Material for this exercise.
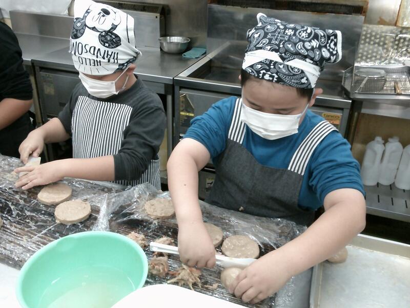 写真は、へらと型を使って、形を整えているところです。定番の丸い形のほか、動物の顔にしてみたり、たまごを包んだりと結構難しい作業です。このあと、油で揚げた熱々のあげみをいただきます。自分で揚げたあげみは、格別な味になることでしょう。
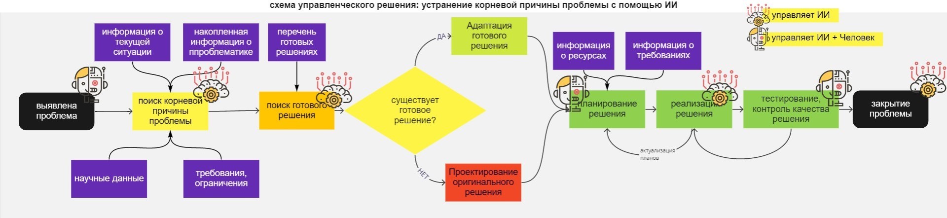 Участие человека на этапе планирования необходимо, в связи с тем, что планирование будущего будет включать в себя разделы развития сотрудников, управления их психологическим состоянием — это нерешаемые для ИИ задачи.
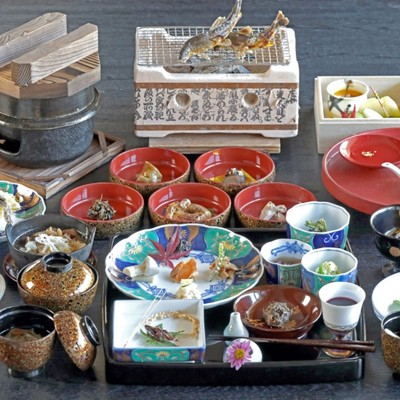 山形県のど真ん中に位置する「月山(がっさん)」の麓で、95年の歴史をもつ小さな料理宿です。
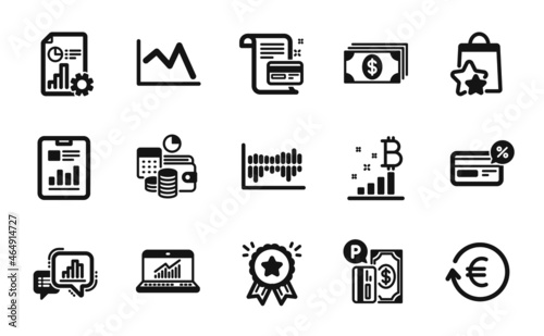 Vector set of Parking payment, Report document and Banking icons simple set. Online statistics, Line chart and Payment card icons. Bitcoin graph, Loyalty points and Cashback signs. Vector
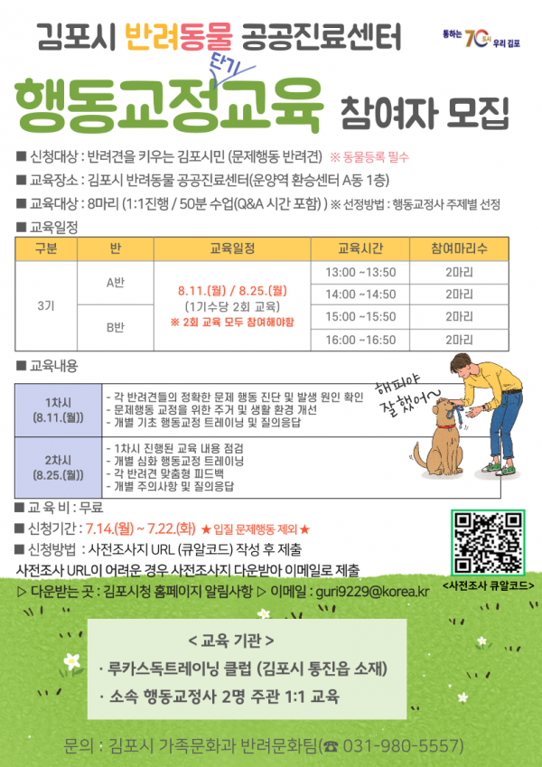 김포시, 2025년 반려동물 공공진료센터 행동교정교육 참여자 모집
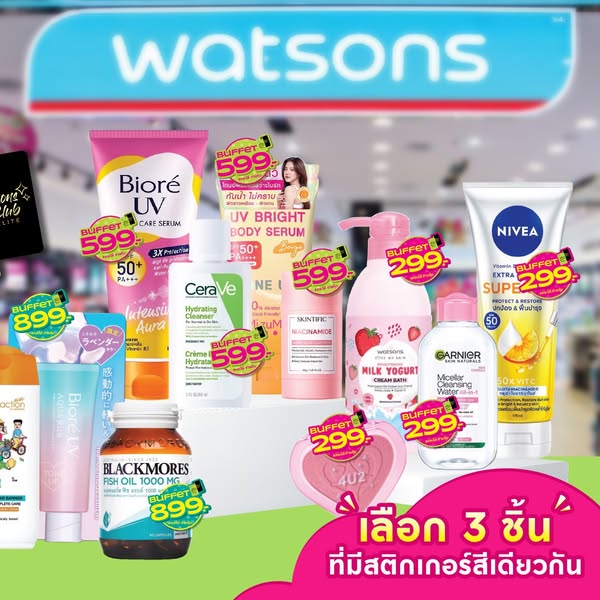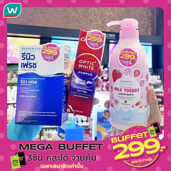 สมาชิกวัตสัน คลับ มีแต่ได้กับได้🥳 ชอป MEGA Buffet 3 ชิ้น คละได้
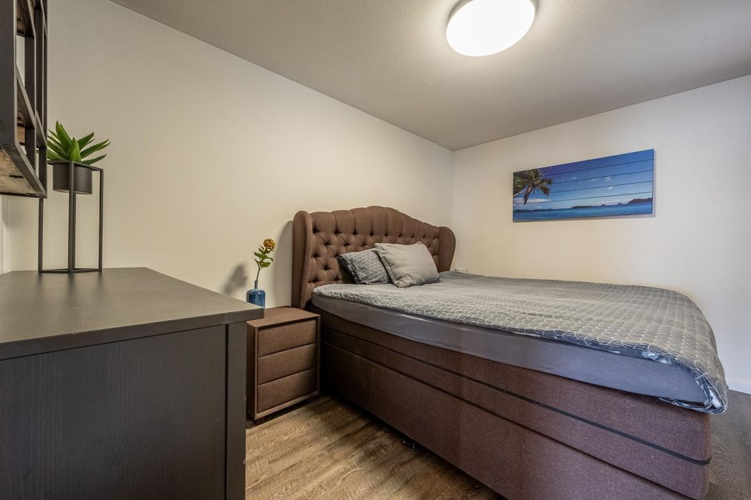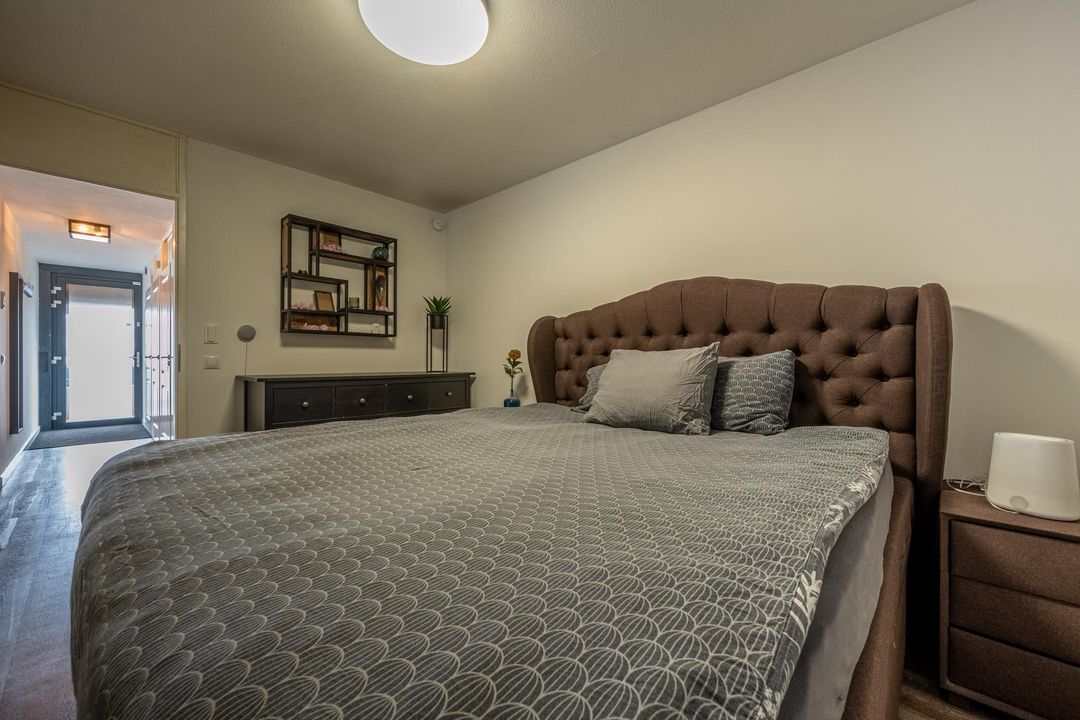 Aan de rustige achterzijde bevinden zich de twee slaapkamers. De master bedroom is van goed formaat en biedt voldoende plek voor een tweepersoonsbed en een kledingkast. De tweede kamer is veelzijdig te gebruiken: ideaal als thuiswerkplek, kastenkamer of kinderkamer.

* * *

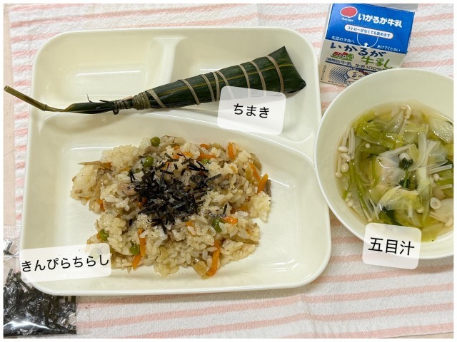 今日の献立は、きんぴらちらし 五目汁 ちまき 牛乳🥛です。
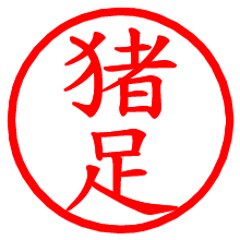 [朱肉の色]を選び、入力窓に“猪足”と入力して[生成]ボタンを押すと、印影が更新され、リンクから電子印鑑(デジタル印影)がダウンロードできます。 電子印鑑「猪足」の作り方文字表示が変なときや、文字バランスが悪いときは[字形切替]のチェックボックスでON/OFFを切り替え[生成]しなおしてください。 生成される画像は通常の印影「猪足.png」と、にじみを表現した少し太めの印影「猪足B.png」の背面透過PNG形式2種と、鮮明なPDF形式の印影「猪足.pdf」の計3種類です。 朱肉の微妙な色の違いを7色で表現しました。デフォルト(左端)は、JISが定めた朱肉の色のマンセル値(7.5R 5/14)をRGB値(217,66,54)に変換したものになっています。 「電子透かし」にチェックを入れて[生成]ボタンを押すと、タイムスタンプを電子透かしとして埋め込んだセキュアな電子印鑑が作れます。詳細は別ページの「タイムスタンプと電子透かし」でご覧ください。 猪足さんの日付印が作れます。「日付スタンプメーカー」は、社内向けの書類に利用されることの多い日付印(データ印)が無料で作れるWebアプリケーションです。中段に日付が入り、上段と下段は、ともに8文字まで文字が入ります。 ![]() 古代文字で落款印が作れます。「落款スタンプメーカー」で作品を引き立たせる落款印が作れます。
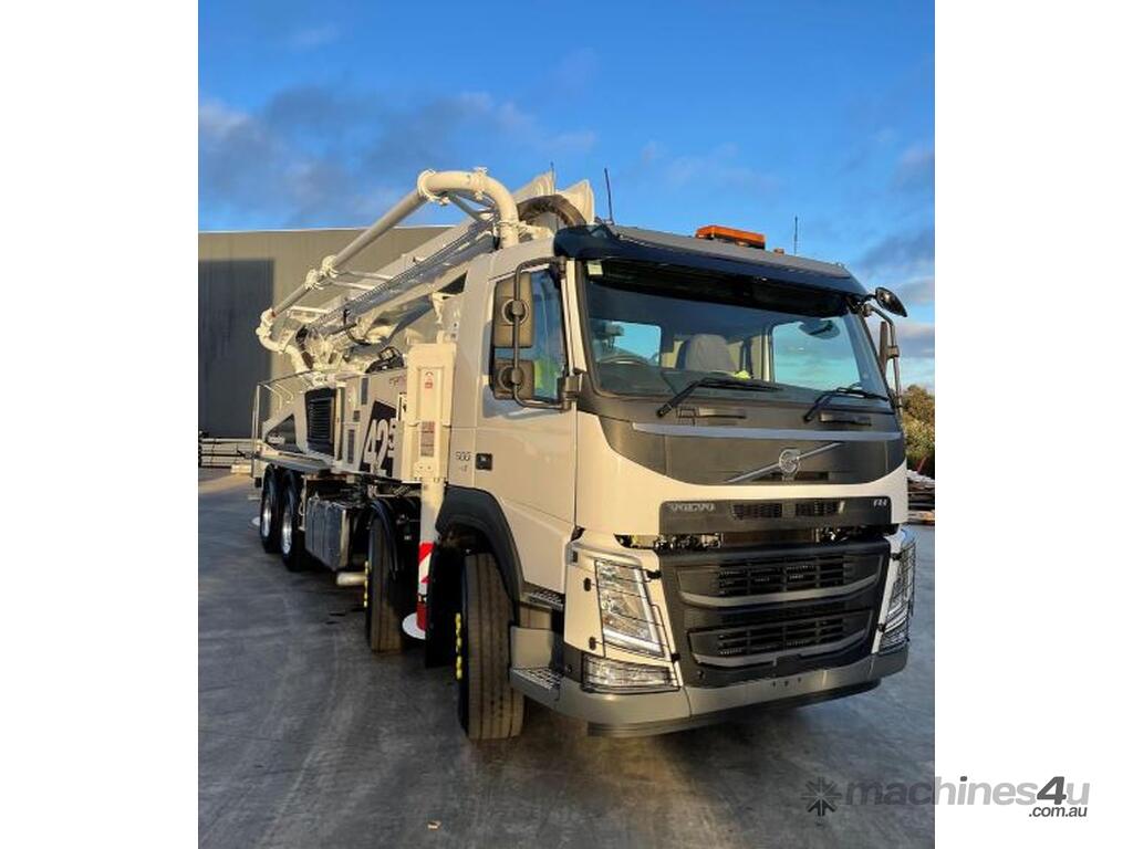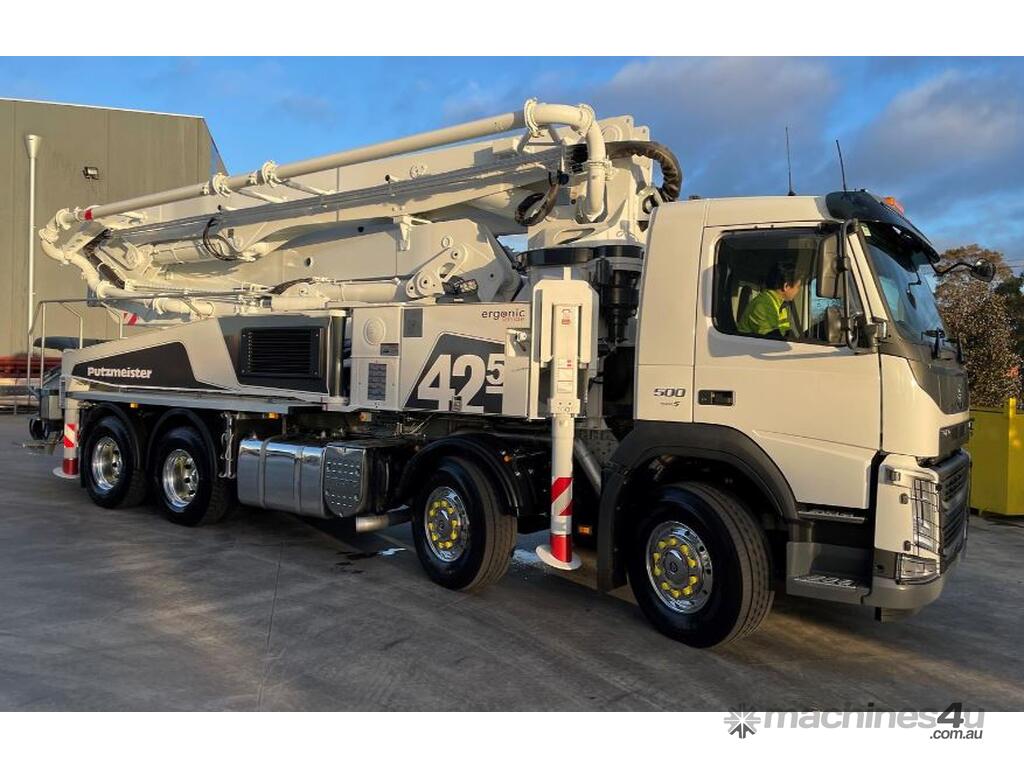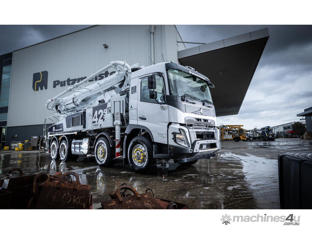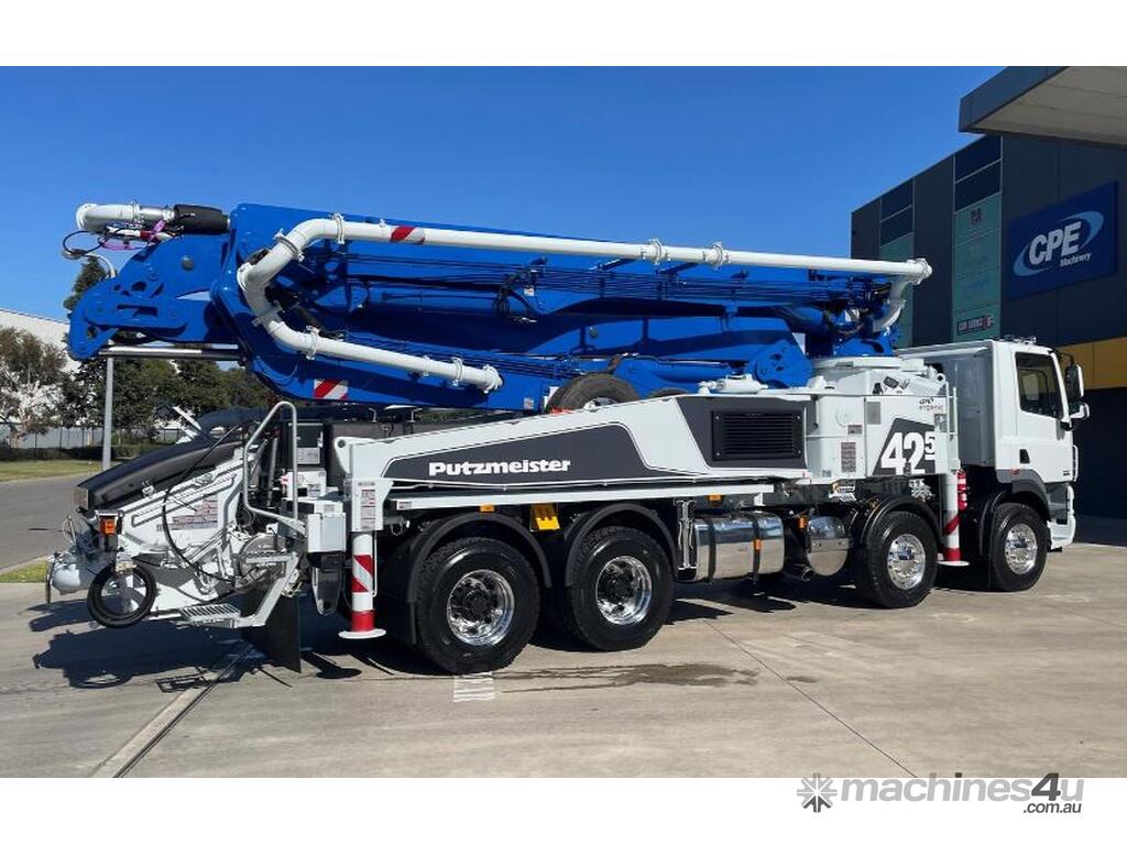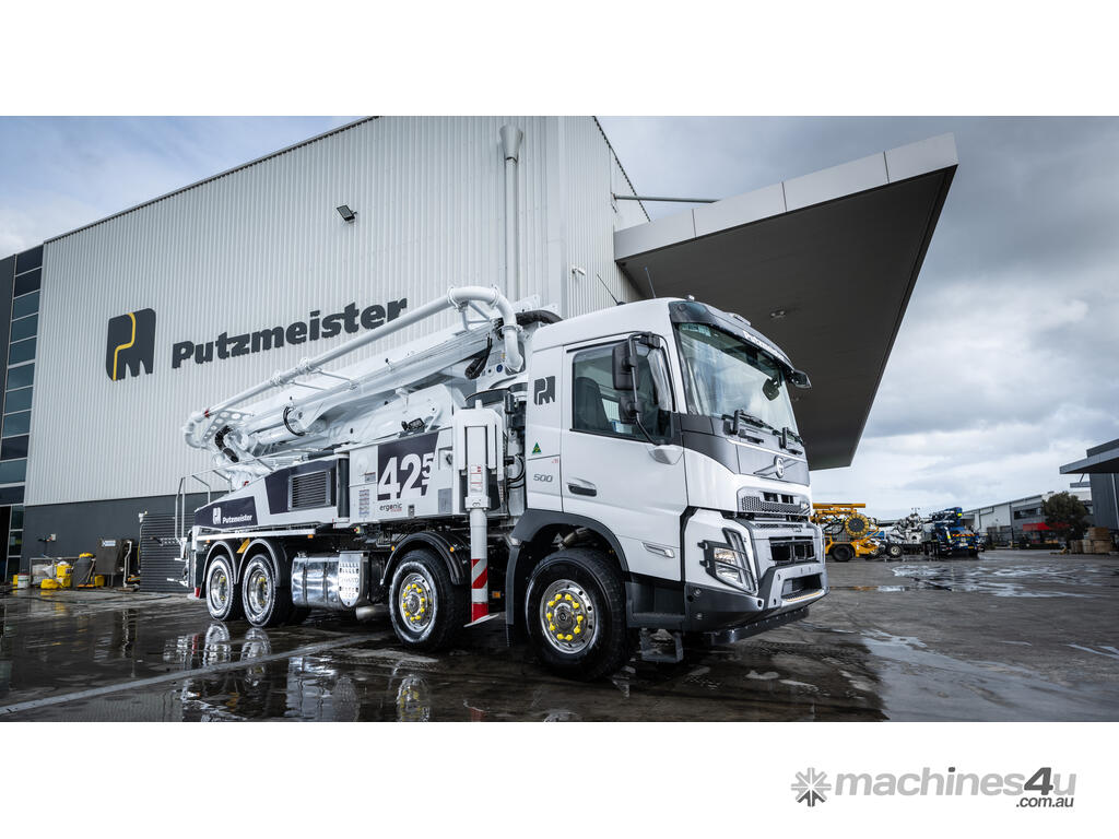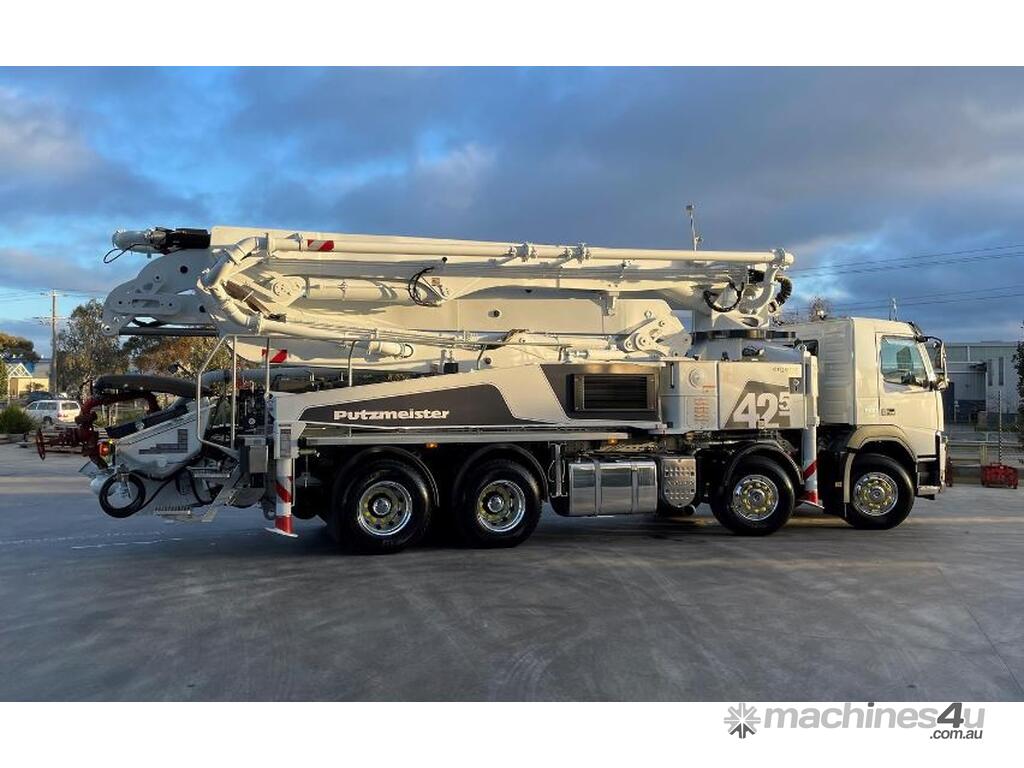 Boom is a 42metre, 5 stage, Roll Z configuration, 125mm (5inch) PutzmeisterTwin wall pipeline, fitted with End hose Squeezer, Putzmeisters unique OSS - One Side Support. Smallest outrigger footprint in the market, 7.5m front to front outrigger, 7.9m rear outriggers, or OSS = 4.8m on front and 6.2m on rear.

...

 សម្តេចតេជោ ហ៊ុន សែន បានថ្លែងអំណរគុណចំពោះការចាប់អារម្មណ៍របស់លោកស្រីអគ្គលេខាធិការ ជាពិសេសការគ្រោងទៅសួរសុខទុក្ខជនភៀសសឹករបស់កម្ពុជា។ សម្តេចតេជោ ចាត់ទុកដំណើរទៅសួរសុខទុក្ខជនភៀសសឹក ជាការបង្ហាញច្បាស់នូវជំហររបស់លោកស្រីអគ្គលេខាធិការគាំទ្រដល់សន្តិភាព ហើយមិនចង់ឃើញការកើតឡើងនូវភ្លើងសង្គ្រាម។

Exercise instructions.
What to print is the stretch of entries from the line with "写真は、へらと型を使って、形" up to and including the line with "山形県のど真ん中に位置する「". Please print it exactly and leave out the pictures.

Solution to the problem.
 写真は、へらと型を使って、形を整えているところです。定番の丸い形のほか、動物の顔にしてみたり、たまごを包んだりと結構難しい作業です。このあと、油で揚げた熱々のあげみをいただきます。自分で揚げたあげみは、格別な味になることでしょう。
 Участие человека на этапе планирования необходимо, в связи с тем, что планирование будущего будет включать в себя разделы развития сотрудников, управления их психологическим состоянием — это нерешаемые для ИИ задачи.
 山形県のど真ん中に位置する「月山(がっさん)」の麓で、95年の歴史をもつ小さな料理宿です。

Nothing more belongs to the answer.